Task brief:
Among the entries below, copy only the span from the line containing "Mocha colour with" through the line containing "cắt từ clip. |". Do so exactly, and skip the pictures.

Input below:

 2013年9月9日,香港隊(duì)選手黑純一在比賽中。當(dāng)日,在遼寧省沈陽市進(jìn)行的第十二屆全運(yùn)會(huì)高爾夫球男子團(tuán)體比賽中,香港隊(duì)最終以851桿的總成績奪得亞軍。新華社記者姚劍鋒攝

End of Input.
Input below:

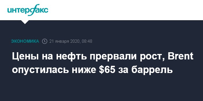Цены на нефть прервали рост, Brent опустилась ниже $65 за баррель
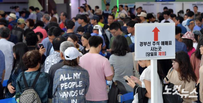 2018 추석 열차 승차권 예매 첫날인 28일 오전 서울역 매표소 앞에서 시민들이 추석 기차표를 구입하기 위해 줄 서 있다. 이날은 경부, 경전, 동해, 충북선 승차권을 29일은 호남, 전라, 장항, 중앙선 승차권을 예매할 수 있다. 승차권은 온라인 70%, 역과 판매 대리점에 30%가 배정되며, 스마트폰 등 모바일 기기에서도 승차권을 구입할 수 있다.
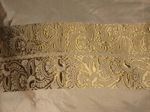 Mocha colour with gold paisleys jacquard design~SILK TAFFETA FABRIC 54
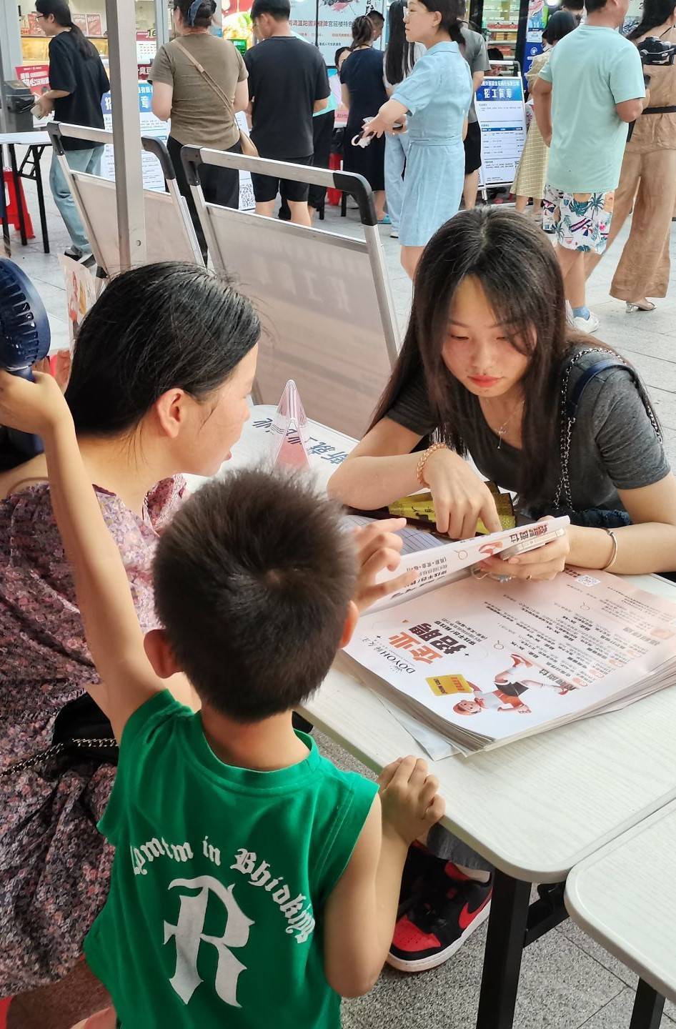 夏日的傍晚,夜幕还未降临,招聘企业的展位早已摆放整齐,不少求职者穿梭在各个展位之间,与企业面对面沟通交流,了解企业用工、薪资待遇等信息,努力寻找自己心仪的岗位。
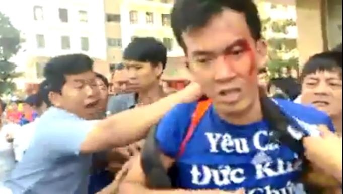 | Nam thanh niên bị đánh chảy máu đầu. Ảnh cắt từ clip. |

End of Input.

Answer space:
 Mocha colour with gold paisleys jacquard design~SILK TAFFETA FABRIC 54
 夏日的傍晚,夜幕还未降临,招聘企业的展位早已摆放整齐,不少求职者穿梭在各个展位之间,与企业面对面沟通交流,了解企业用工、薪资待遇等信息,努力寻找自己心仪的岗位。
 | Nam thanh niên bị đánh chảy máu đầu. Ảnh cắt từ clip. |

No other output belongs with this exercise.